▶ What is being asked: Exactly as written, please repeat the data that follows, but not the pictures.

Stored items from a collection
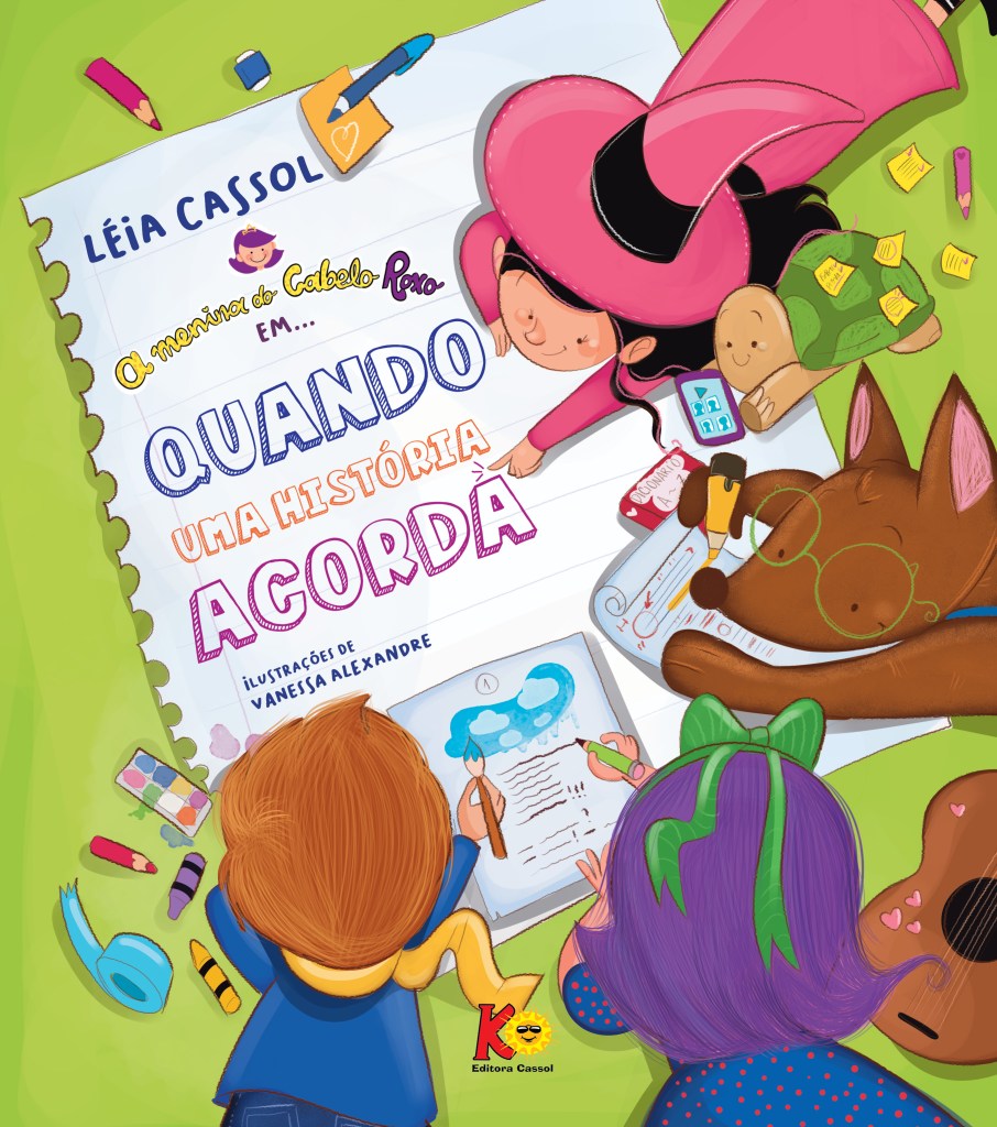 Com a ajuda dos amigos da estante, a Menina do Cabelo Roxo – protagonista que dá nome à coleção infantil da Editora Cassol – cria um livro desde o começo até chegar ao evento de lançamento, com direito a sessão de autógrafos.
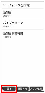 • ↓フォルダ別指定画面で通知音鳴動時間
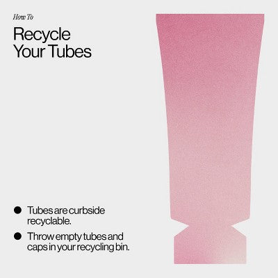 Tube made with 50% recycled materials and are curbside recyclable. Throw empty tubes and caps in your recycling bin.
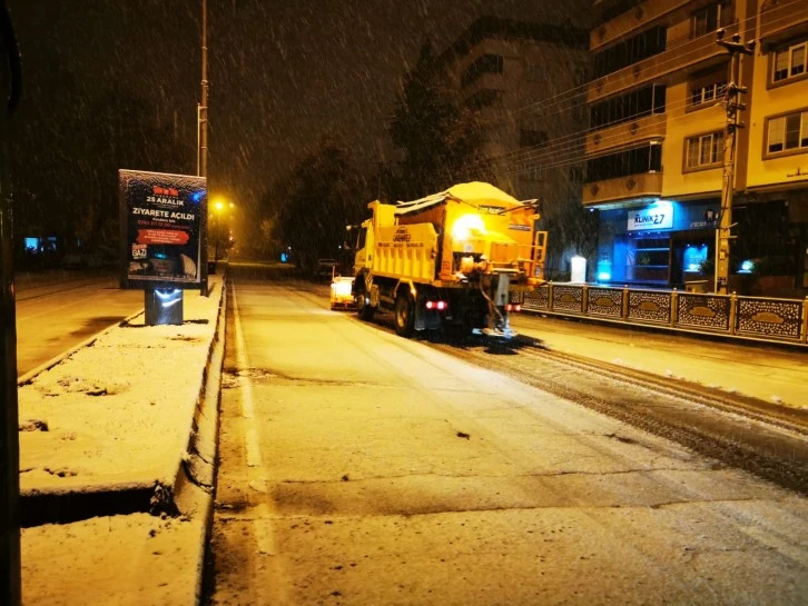 Kentin muhtelif bölgelerinde 24 saat hizmet veren karla mücadele ekipleri, ana cadde ve yolların yanı sıra kaza riski taşıyan eğilimli bölgelerde, merkeze uzak kırsal mahallelerde de karla mücadele ve tuzlama çalışması yürütüyor.
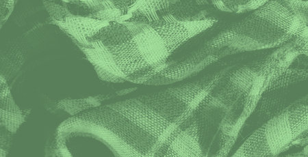 Blur the structured green fabric with intricate weaving and pattern details, producing a rich and complex visual texture ideal for adding dimension to any textile-focused design.
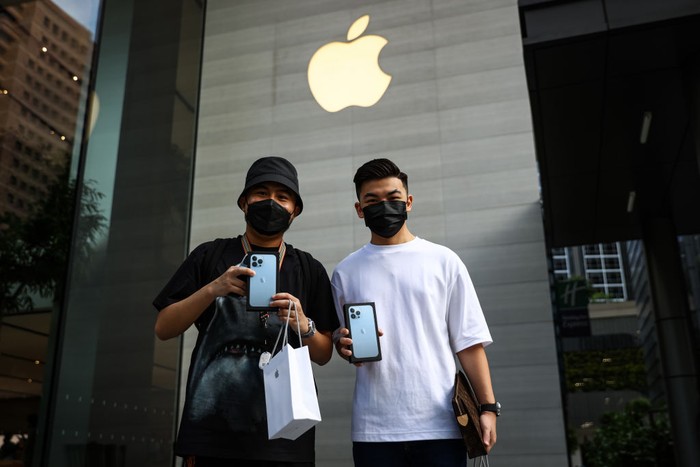 Haikal Putra (kanan) dan Wayne Chang (kiri) membeli iPhone 13 Pro Max. Foto: Feline Lim/Getty Images
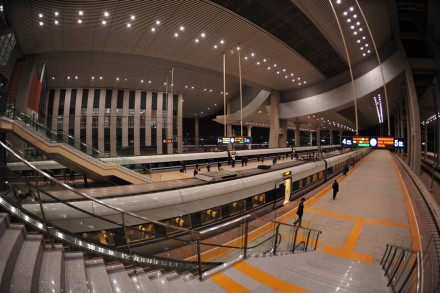 2、杭深场站房采用了大跨度现浇预应力清水混凝土竖向弧形箱梁,建设方在施工中采用全站仪精确定位,分层分段浇筑确保箱梁的弧度精度,控制曲线造型 ;

▶ Expected output:
 Com a ajuda dos amigos da estante, a Menina do Cabelo Roxo – protagonista que dá nome à coleção infantil da Editora Cassol – cria um livro desde o começo até chegar ao evento de lançamento, com direito a sessão de autógrafos.
 • ↓フォルダ別指定画面で通知音鳴動時間
 Tube made with 50% recycled materials and are curbside recyclable. Throw empty tubes and caps in your recycling bin.
 Kentin muhtelif bölgelerinde 24 saat hizmet veren karla mücadele ekipleri, ana cadde ve yolların yanı sıra kaza riski taşıyan eğilimli bölgelerde, merkeze uzak kırsal mahallelerde de karla mücadele ve tuzlama çalışması yürütüyor.
 Blur the structured green fabric with intricate weaving and pattern details, producing a rich and complex visual texture ideal for adding dimension to any textile-focused design.
 Haikal Putra (kanan) dan Wayne Chang (kiri) membeli iPhone 13 Pro Max. Foto: Feline Lim/Getty Images
 2、杭深场站房采用了大跨度现浇预应力清水混凝土竖向弧形箱梁,建设方在施工中采用全站仪精确定位,分层分段浇筑确保箱梁的弧度精度,控制曲线造型 ;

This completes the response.